CRAN status

dsb: an R package for normalizing and denoising CITE-seq protein data

dsb is available on CRAN latest dsb release on CRAN. Install dsb in R with: install.packages('dsb').

A workflow tutorial is provided below. See the vignette tab on the CRAN dsb site for full tutorial: Using dsb to normalize single cell protein data: analysis workflow and integration with Seurat, Bioconductor and Scanpy

See the preprint for details on the method and please cite the paper if you use dsb in your research or found the underlying noise modeling results in our paper helpful.

Table of Contents

  1. Background and motivation
  2. Installation and quick overview
  3. Tutorial with public 10X Genomics data
  4. Step 1 Download public data
  5. Step 2 Load RNA and protein alignment (Cell Ranger) data and define metadata
  6. Step 3 Quality control on cell-containing and background droplets
  7. Step 4 Normalize protein data with the DSBNormalizeProtein Function
  8. Integrating dsb with Seurat
  9. Clustering cells based on dsb normalized protein using Seurat
  10. dsb derived cluster interpretation
  11. Weighted Nearest Neighbor multimodal clustering using dsb normalized values with Seurat
  12. Integrating dsb with Bioconductor
  13. Integrating dsb with python/Scanpy
  14. Using dsb with data lacking isotype controls
  15. Integrating dsb with sample multiplexing experiments
  16. Frequently Asked Questions

Background and motivation

CITE-seq protein data suffers from substantial background noise (for example, see supplementary fig 5a in Stoeckius et. al. 2017 Nat.
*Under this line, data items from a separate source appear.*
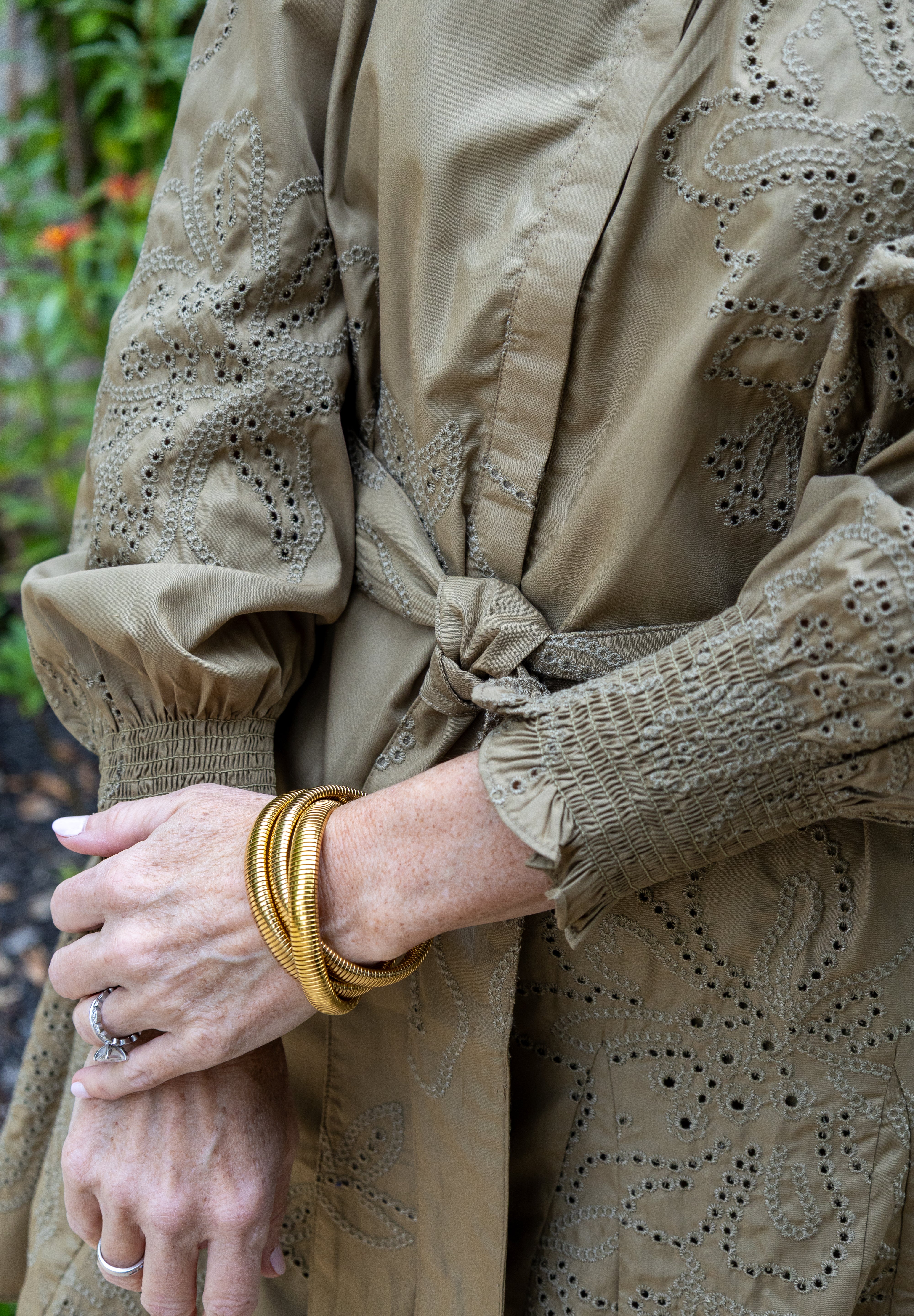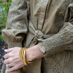 I purchased 3 silver and gold bangles and now I want more! These are so cute and go with everything! I have worked out in them and showered and they have not tarnished! I am typically allergic to certain metals and have had zero issues from these. 10/10 Recommend 💚💚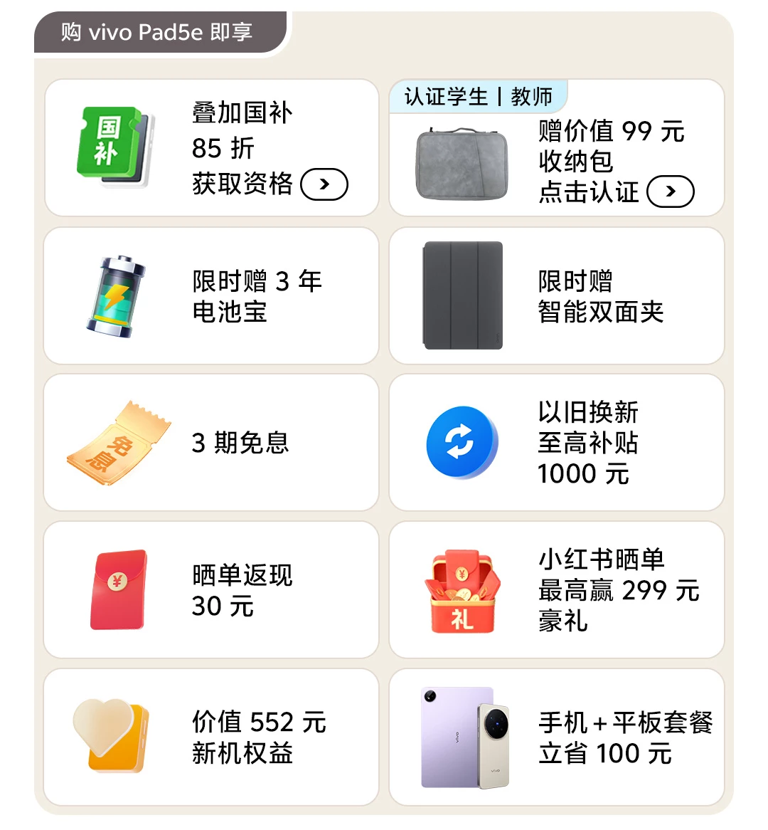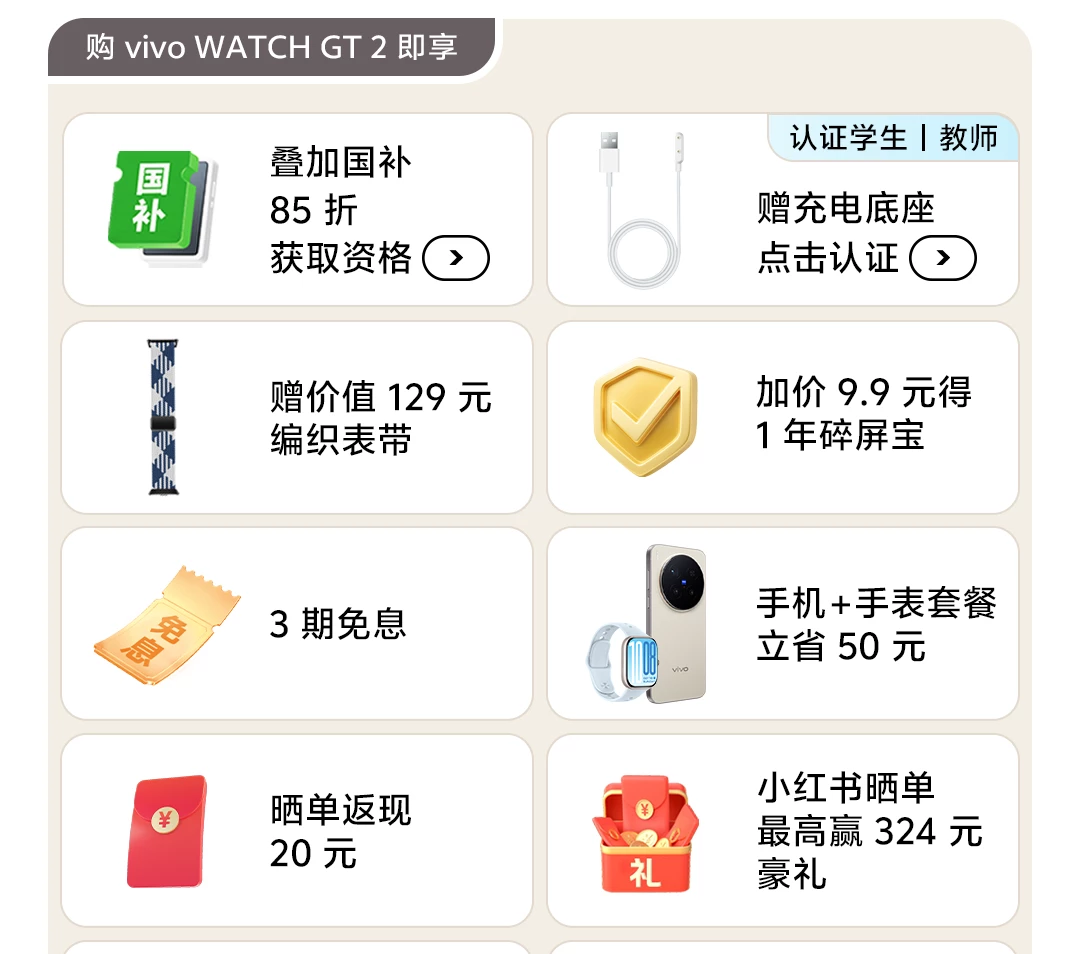 活动期间于vivo官方商城成功购买vivo X300系列/Pad 5e/WATCH GT2/TWS 5系列新品,即可享受对应福利内容,详情以新品商品详情页展示为准,敬请期待。赠品数量有限,先到先得。其中,vivo care+与新品权益包、碎屏宝买一年送一年权益不可同享。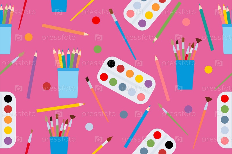Бесшовный узор с художественными принадлежностями на розовом фоне. Вектор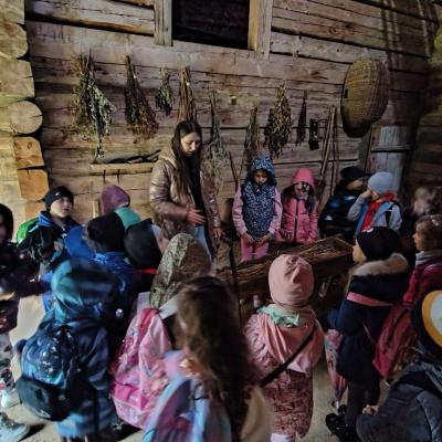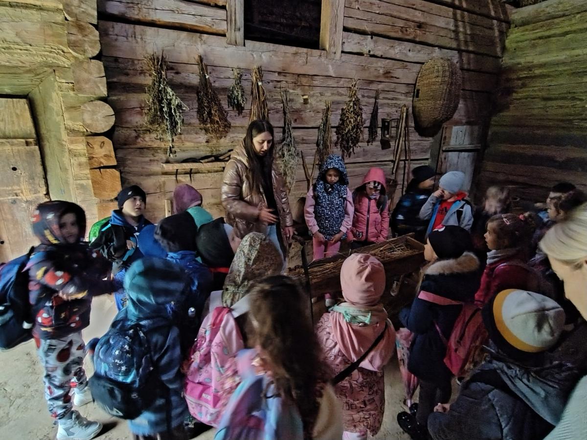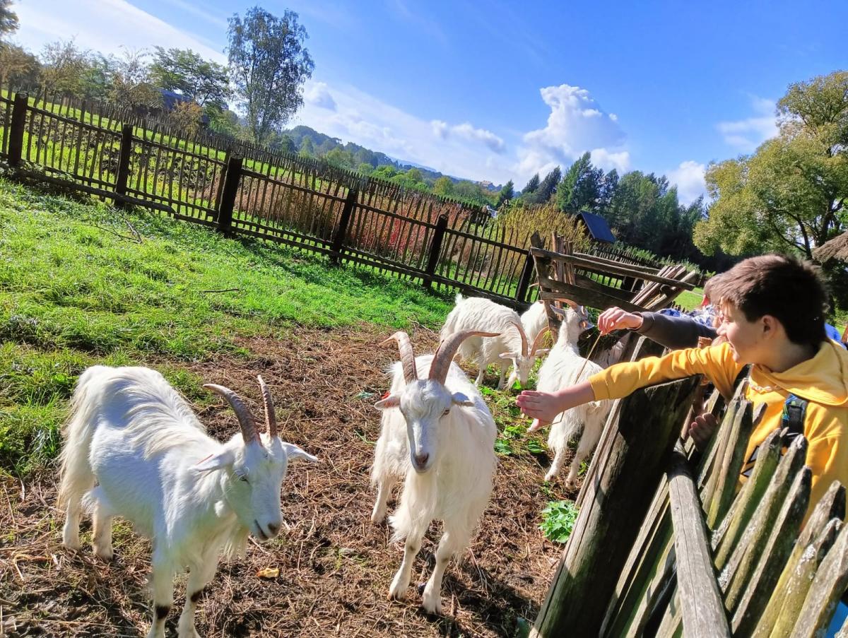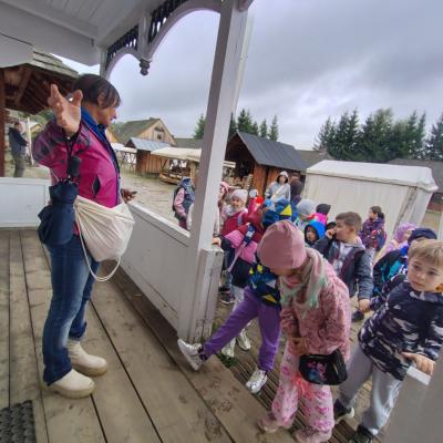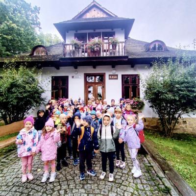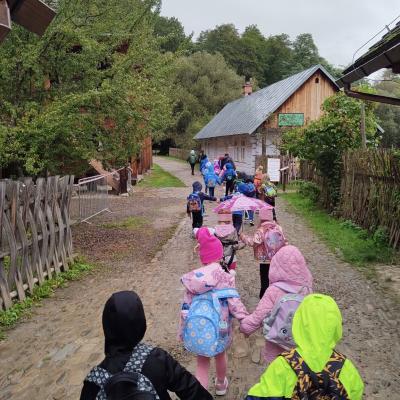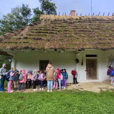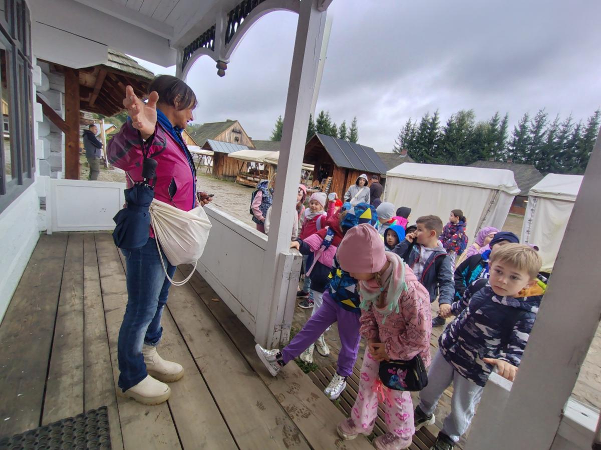 Zwiedzanie skansenu także dostarczyło wielu emocji. Szczególne wrażenie zrobiły na dzieciach powozy w karczmie.
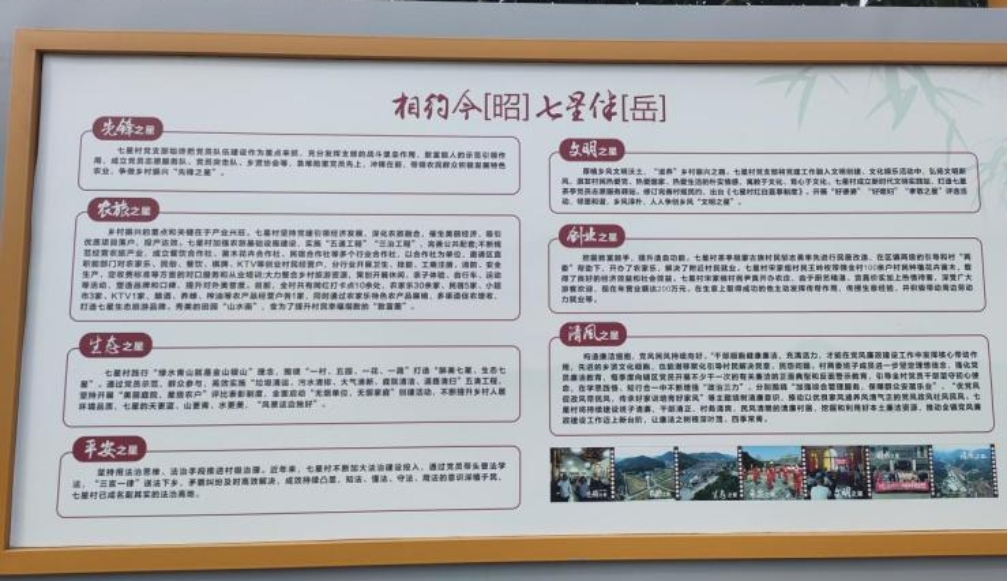在村级组织活动广场,组织员刘俊同志认真宣读了竖立在广场上有关七星村的材料,在场的党员同志们深刻学习并认真领会七星村乡村振兴的规划理念——树立典型“立杆子”、迎难而上“钉钉子”、产业转型“搭对子”、整体风貌“变样子”。测绘地信教工党支部陈新保书记宣读村干部的“三牛四干”型十条标准。七星村以“四子”党建工作法为抓手,以七星伴岳“先锋之星、农旅之星、生态之星、平安之星、文明之星、创业之星和清风之星”之作为目标考核,全力推进七星村进入“处处是景点,户户有产业,人人能增收”的美丽乡村。同行的党员同志们纷纷点赞七星村的乡村振兴建设取得的成果,党建工作之规范和创新,纷纷表示要认真学习七星村党建引领乡村振兴的工作理念和精髓。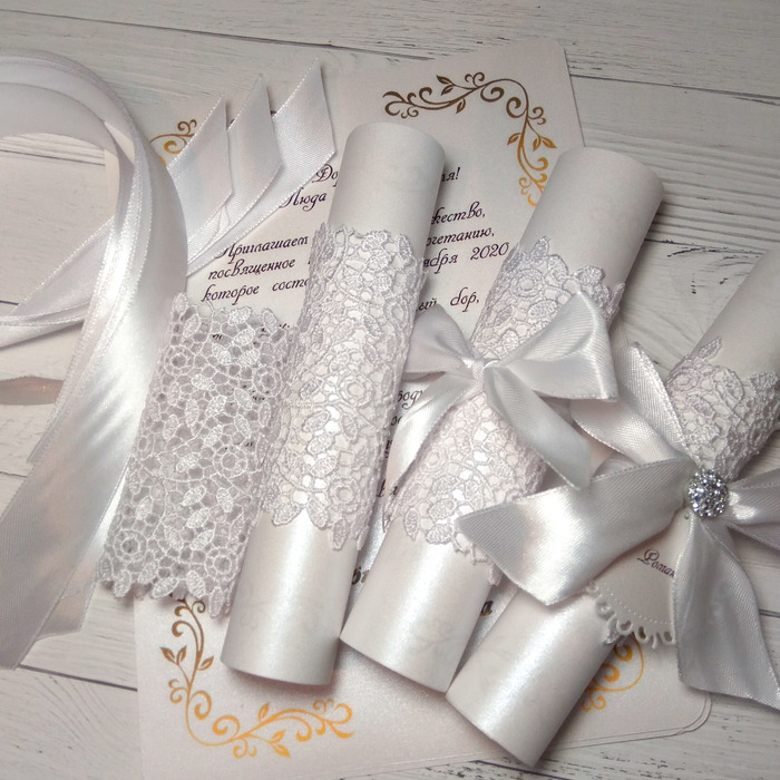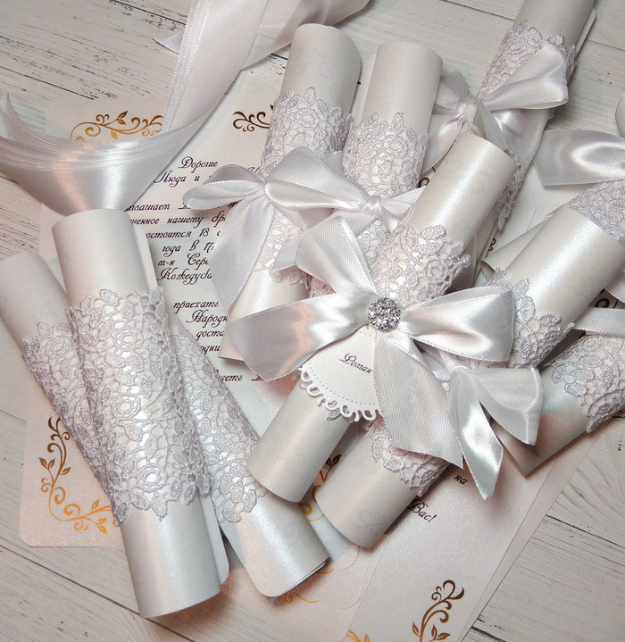 Немаловажным моментом в пригласительных идёт выбор бумаги. Ни в коем случае не экономьте и не печатайте на простой или дешёвой! Это сразу бросится в глаза. Выбрали достаточно плотную (125гр), но чтобы нормально скручивплась в рулон. Красивая, белая, с жемчужным блеском.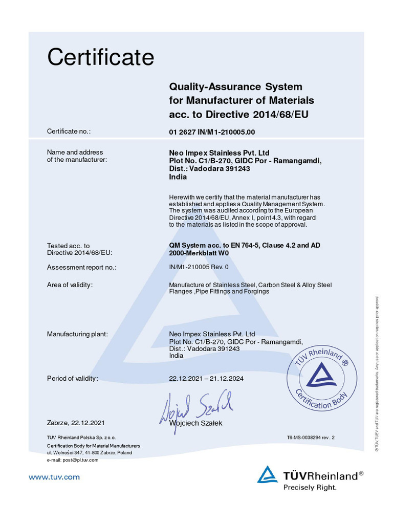 Certificate: Quality Assurance System For Manufacturer of Materials Acc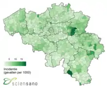 برخلاف بیشتر کشورهای همسایه (هلند، فرانسه، آلمان و UK), مقامات بلژیک در ابتدا مایل به ارائه اطلاعات یا آماری درمورد محل قرارگیری پروندهها نبودند، غیر از آمار مربوط به هر منطقه: فلاندر، بروکسل و والونیا.[7] Sciensano از ۱۸ مارس به بعد و برای هر شهرداری از ۲۶ مارس به بعد شروع به انتشار آمار در هر استان کرد.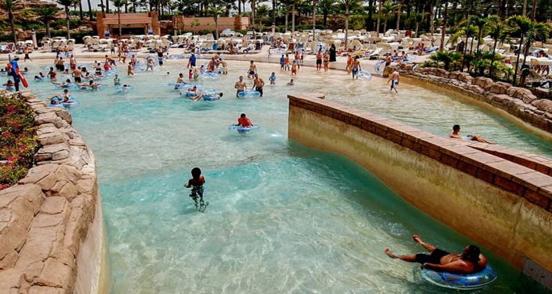 Аквапарк занял первое место в рейтинге «Лучший аквапарк» 2019 года. Парк построен на искусственном острове: пальме. Вид просто завораживает и дополняет аквапарк 700-метровым пляжем с белым песком.

Methods). We performed experiments and analysis to dissect protein noise in CITE-seq data; the dsb method is based on 3 key findings outlined in our preprint

  1. Based on spike in experiments and modeling we found a major source of protein background noise comes from ambient, unbound antibody encapsulated in droplets.

  2. “Empty” droplets (containing ambient mRNA and antibody but no cell), outnumber cell-containing droplets by 10-100 fold and capture the ambient component of protein background noise.

  3. Cell-to-cell technical variations (i.e. stochastic differences in capture, RT efficiency, sequencing depth, and non-specific antibody binding) can be estimated and removed through a model of each cell’s “technical component” using isotype control counts and per cell mixture modeling.

Installation and quick overview

Install dsb directly from CRAN using install.packages('dsb').

install.packages('dsb')

Use the DSBNormalizeProtein() function to normalize included package data of a raw protein count matrix cells_citeseq_mtx using background/empty droplet matrix empty_drop_citeseq_mtx. Model and remove the ‘technical component’ of each cell’s protein library by setting denoise.counts = TRUE including isotype controls in calculating the technical component with use.isotype.control = TRUE.

library(dsb)
adt_norm = DSBNormalizeProtein(
  # cell-containing droplet raw protein count matrix
  cell_protein_matrix = cells_citeseq_mtx, 
  # empty/background droplet raw protein counts
  empty_drop_matrix = empty_drop_citeseq_mtx, 
  
  # recommended step: model + remove the technical component of each cell's protein library
  denoise.counts = TRUE, 
  use.isotype.control = TRUE, 
  isotype.control.name.vec = rownames(cells_citeseq_mtx)[67:70]
  )

Tutorial with public 10X Genomics data

Below we demonstrate dsb using data 10X Genomics data aligned with Cell Ranger. We define cells and background drops, run QC, normalize protein with dsb, cluster cells based on dsb normalized protein levels, interpret clustering results based on dsb values, and finally we use dsb values directly with Seurat’s Weighted Nearest Neighbor multimodal RNA + protein clustering algorithm. Wrappers are also provided to integrate dsb into AnnData (python) and Bioconductor (SingleCellExperiment) data structures (see table of contents).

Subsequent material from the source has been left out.